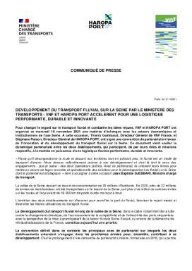 Pour changer le regard sur le transport fluvial et combattre les idées reçues, VNF et HAROPA PORT ont organisé ce mercredi 10 novembre 2021 une matinée d’échanges avec les acteurs économiques et institutionnels de l’axe Seine. A cette occasion, Thierry Guimbaud, Directeur Général de VNF France, et Stéphane Raison, Directeur Général de HAROPA PORT, ont signé une convention de partenariat en faveur de l’innovation et du développement du transport fluvial sur la Seine.
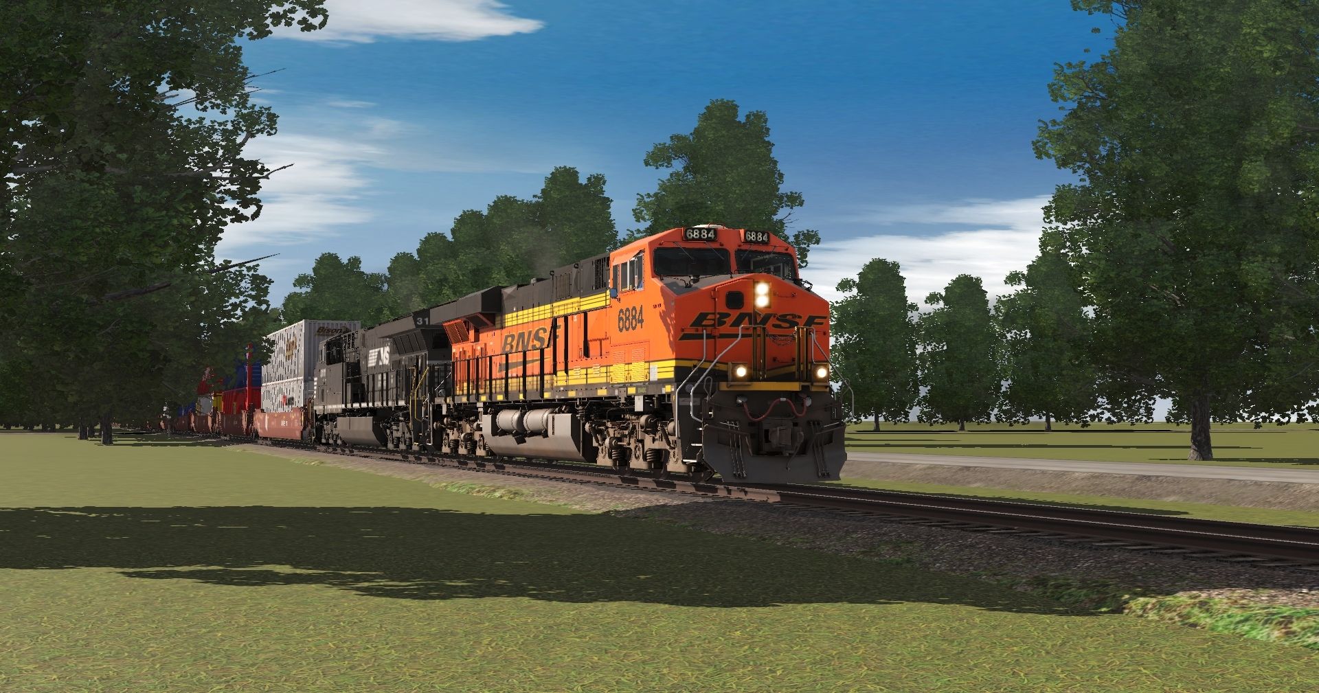 Tags: Trainz Railroad Simulator 2022, REAA, Default, BNSF ES44DC Late, NS ET44AC, 53ft BNSF H2 Wellcar (Single), 53ft BNSF H2 Wellcar Weathered (Single), BNSF 53 Maxi-IV C (weathered), BNSF 53 Maxi-IV B (weathered), BNSF 53 Maxi-IV A (weathered)
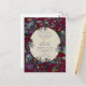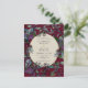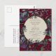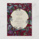 Esta tarjeta postal de invitación de boda color burgundy presenta flores moradas y rojas, vegetación y un óvalo enmarcado en dorado y letra dorada. Personalice con los detalles de su evento de boda.
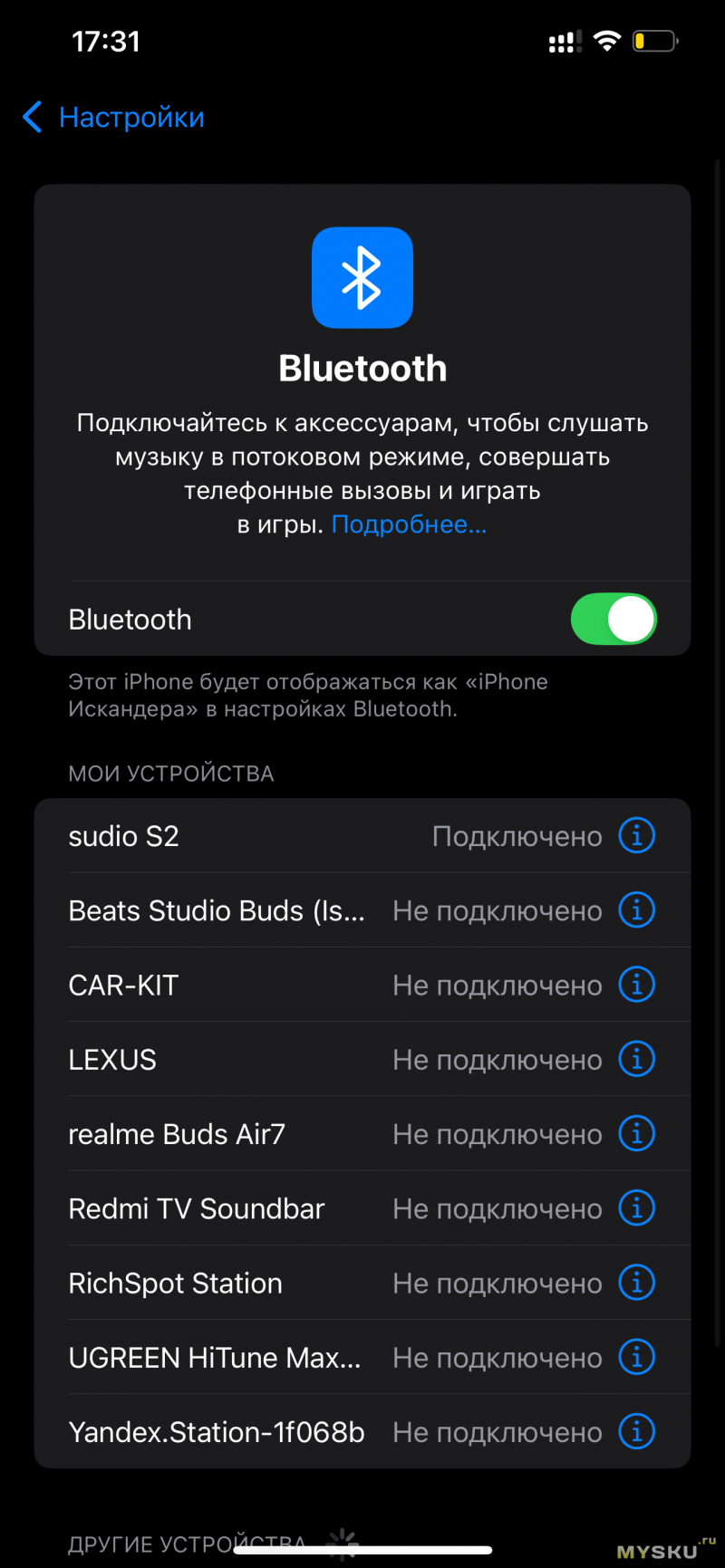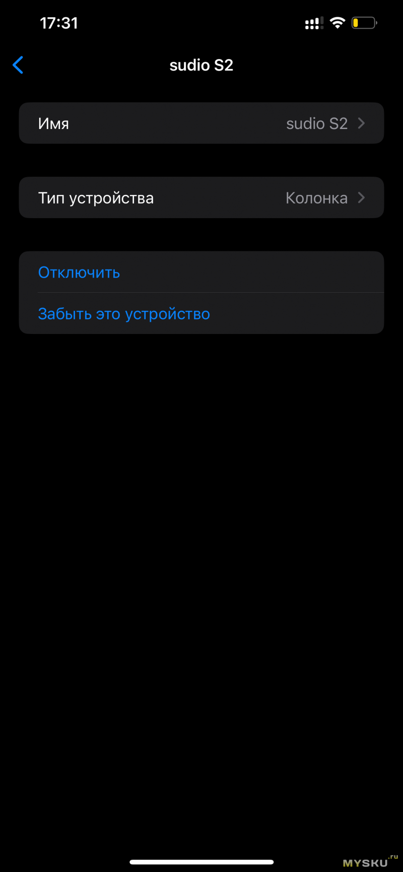 Задняя часть колонки покрыта прорезиненным материалом и оснащена крупным пассивным излучателем. На тыльной стороне находится порт USB‑C для зарядки и светодиодный индикатор состояния подключения. Плоские края корпуса делают колонку устойчивой на любой поверхности. Колонка достаточно компактная и удобно помещается в руке. Но меньше слов, больше про звук и подключения, ведь это обзор колонки. Несмотря на наличие фирменного приложения Sudio, колонка не поддерживает в нем подключения и все действия приходится повторять по старинке — через настройки, что на IOS, что на Android. Рассмотрим, как происходит подключение к iPhone и какие функции доступны.
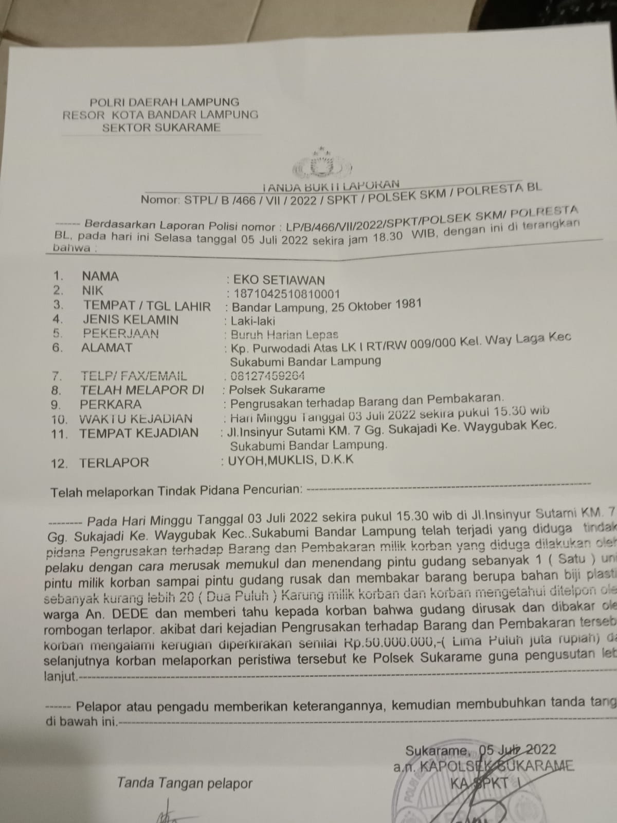 Kemudian setelah itu HR (Pitul) CS diduga melakukan Pengrusakan dan Pembakaran Gudang dimana si Pemilik Gudang telah mengambil langkah hukum berupa Laporan Polisi berdasarkan Laporan Polisi Nomor : LP/B/466/VII/2022/SPKT/POLSEK SKM/POLRESTA BL pada Kantor POLRI DAERAH LAMPUNG RESOR KOTA BANDAR LAMPUNG SEKTOR SUKARAME.
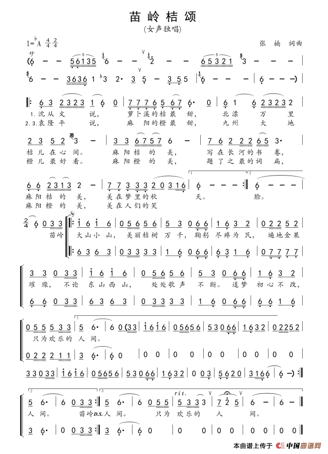 苗岭桔颂(张楠曲 张楠词 田欢演唱)
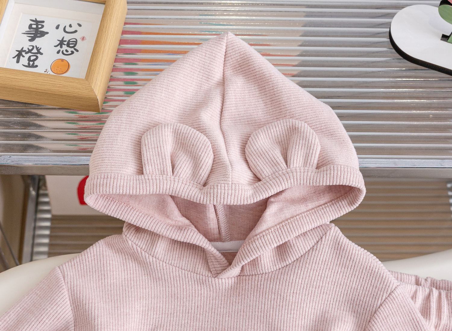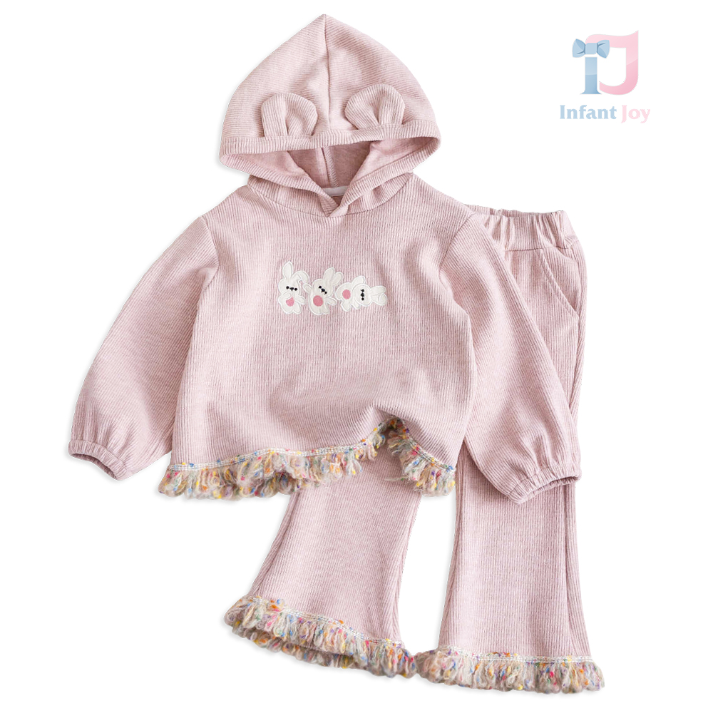Set extravagant de 2 piese cu bluză/hanorac cu glugă, urechiușe 3D și pantaloni Candy Bunny
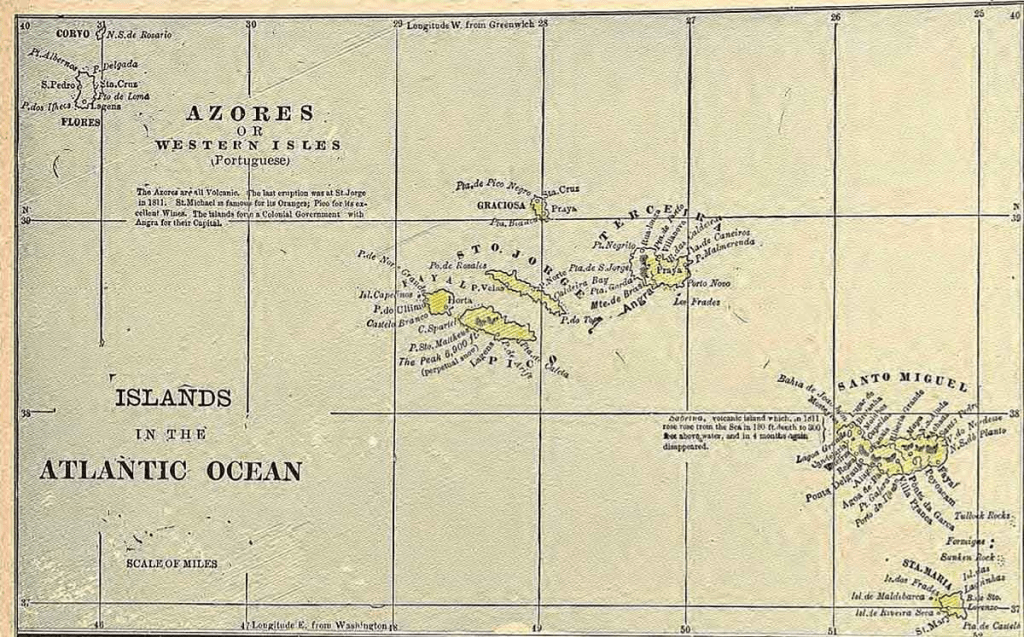 Ponta Delgada, the principal town of these islands, contains about 1400 inhabitants. The streets are well paved and clean. There is an hotel or boarding-house, kept by Bird, an Englishman; charges from 4s. 3d. to 20s. per day, according to the accommodation required. The cooking is good, the beds are clean, and the table liberally supplied. The house has been full the whole of this season; but it possesses considerable expansive capabilities. There is also a very dirty Portuguese hotel, a Café Central, a club, a theatre, a branch bank of the Banco Lusitano, Lisbon; agents in London the Alliance Bank (Limited). The manager at St. Michael’s, Clement Joaquim da Costa, speaks English. There is a public market twice a week, where poultry, vegetables, fruit, eggs, butter, and all kinds of other things are sold. There are carriages, with mules or horses, for hire, and ambling asses and porters for baggage. There are no lodgings or furnished or unfurnished apartments to be had, nor are there, as a rule, any furnished houses to let; nor are any of the residences there fitted with the conveniences or furniture we are accustomed to find in very moderate houses at home, as a few chairs, two card tables, a piano, and a hearthrug constitute all that is considered necessary for a drawing-room, whilst the bed and other apartments are fitted up in a like simple manner. In the kitchen two or three three-legged iron pots, with some earthen pipkins and a water jar, constitute the batterie de cuisine of a Portuguese cook. Pianos cannot be hired, and are expensive to buy, new or old, being subject to a duty of about £6.
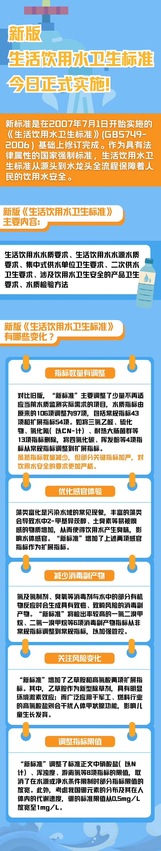 當前位置:首頁(yè) > 國內政策 > 新版生活飲用水衛生標準今日正式實(shí)施
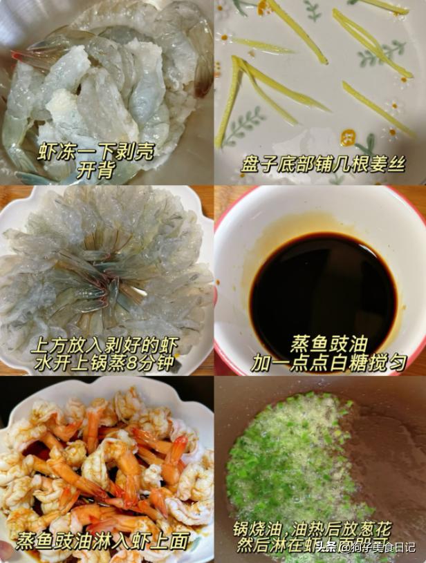 清蒸虾仁 材料:适量虾仁,生姜丝,蒸鱼豉油,适量白糖,葱花,适量热油。
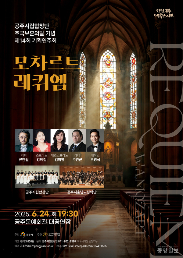 공주시는 오는 24일 오후 7시 30분 공주문예회관 대공연장에서 공주시립합창단의 14회 기획연주회 ‘모차르트 레퀴엠’을 개최한다.
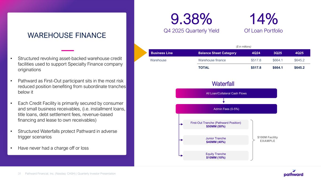 • Consumer credit programs with marketplace lenders offer Pathward a risk adjusted return • Protected by certain layers of credit support and balance sheet flexibility • Programs are offered to strategic partners with payments distribution potential • Agreements typically provide for “excess spread” build-up and protection through a priority of payment within a waterfall CONSUMER FINANCE Pathward Financial, Inc. (Nasdaq: CASH) | Quarterly Investor Presentation30 26.27% Q4 2025 Quarterly Yield 3% Of Loan Portfolio ($ in millions) Business Line Balance Sheet Category 4Q24 3Q25 4Q25 Consumer Consumer finance $248.8 $226.4 $93.3 TOTAL $248.8 $226.4 $93.3 Consumer Payments - Principal, Interest, Fees Collection Account Servicing Principal Losses to Pathward Principal Repayment to Pathward Pathward’s agreed upon interest return Remaining excess spread to Pathward-owned escrow reserve Reserve release to partner is conditional (subordinate) based on product performance Waterfall
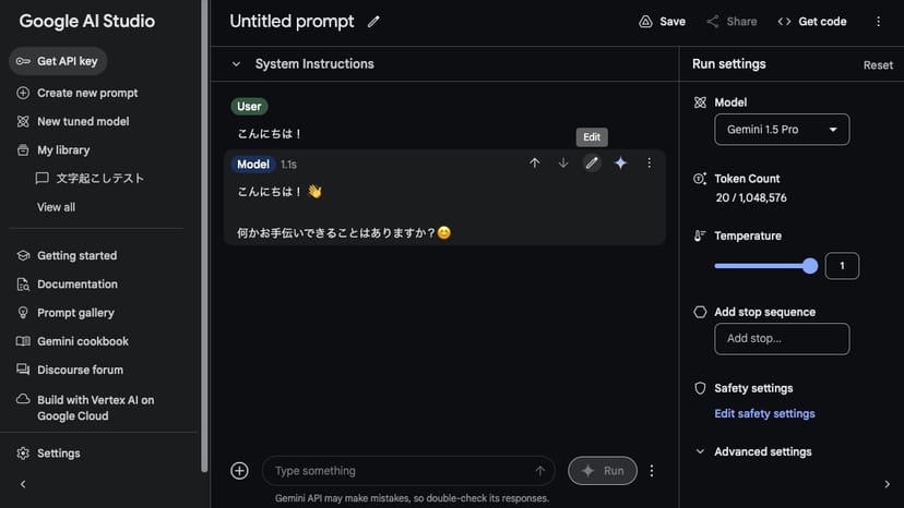 Google AI Studioの画面上では、中央でChatGPTやGemini Advancedのようなチャット形式のUIで、質問・プロンプトを打ち込み、「Run」をクリックすると、その質問に対するAIの回答が表示されるようになっている。
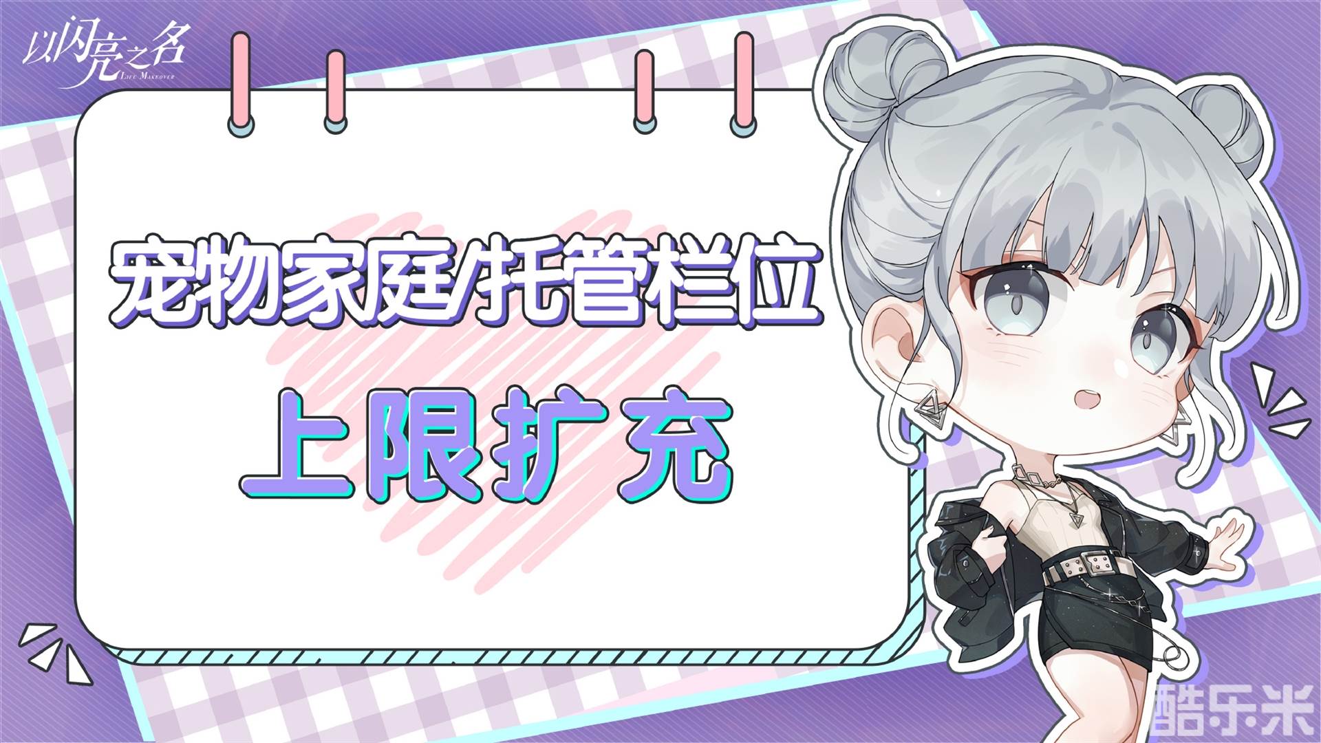 以闪亮之名宠物栏位上线扩充多少个?以闪亮之名的宠物家庭、托管栏位上限要扩充啦,这次的新功能在新的卡池版本中就要实装啦,下面酷乐米小编为大家带来的具体内容,感兴趣的玩家们千万不要错过哦!
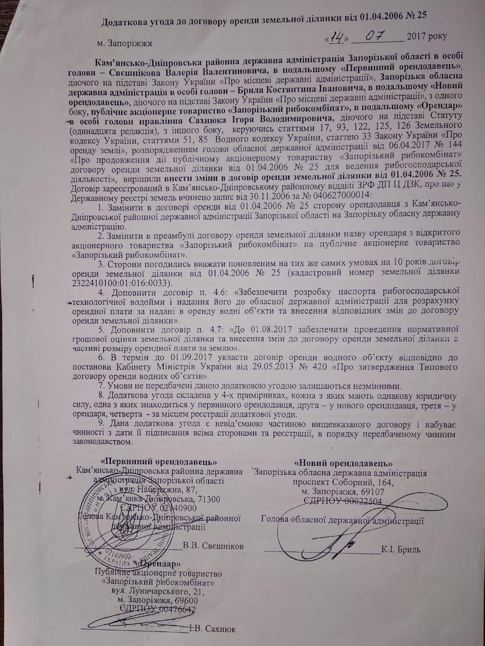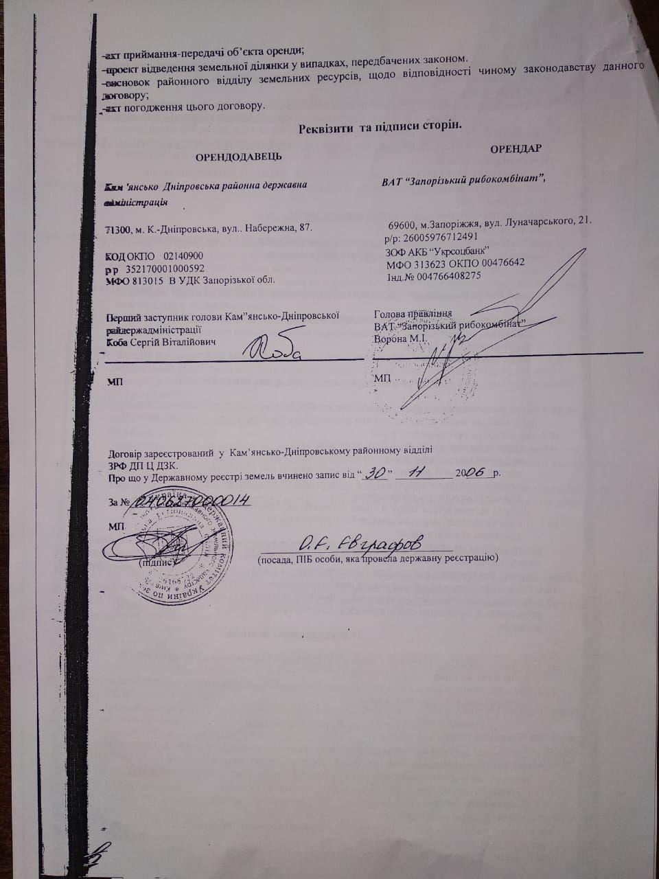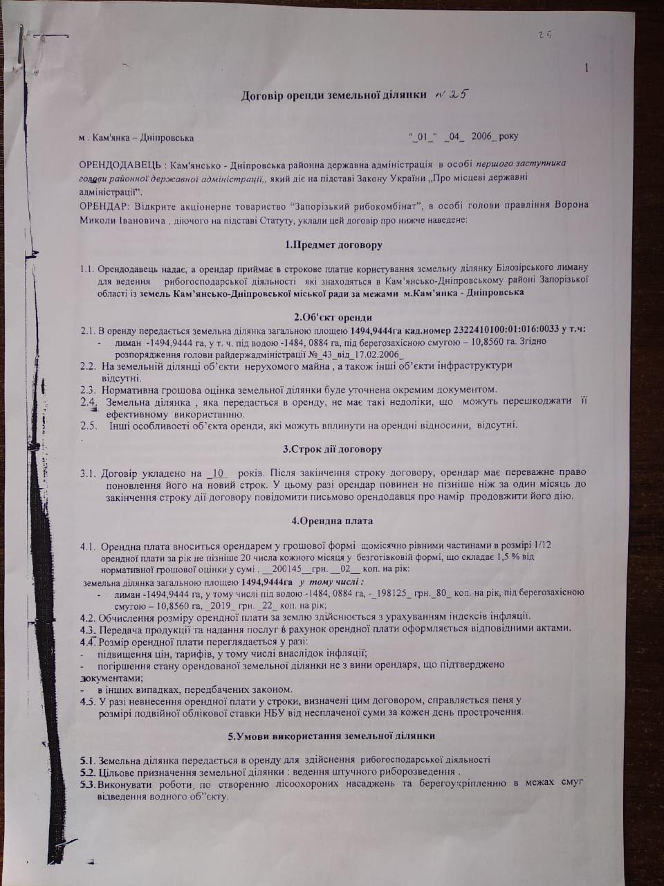 Началась эта любопытная история 1 апреля 2006 года, когда Каменско-Днепровская РГА передала в аренду тогда еще ПАО "Запорожский рыбокомбинат" 3 земельных участка общей площадью 1639,5 га:

**Required work**
Your task is to quote exactly the lines from the one with "以闪亮之名宠物栏位上线扩充多" through the end of the material, both included, without reproducing any pictures.

**Response**
 以闪亮之名宠物栏位上线扩充多少个?以闪亮之名的宠物家庭、托管栏位上限要扩充啦,这次的新功能在新的卡池版本中就要实装啦,下面酷乐米小编为大家带来的具体内容,感兴趣的玩家们千万不要错过哦!
 Началась эта любопытная история 1 апреля 2006 года, когда Каменско-Днепровская РГА передала в аренду тогда еще ПАО "Запорожский рыбокомбинат" 3 земельных участка общей площадью 1639,5 га:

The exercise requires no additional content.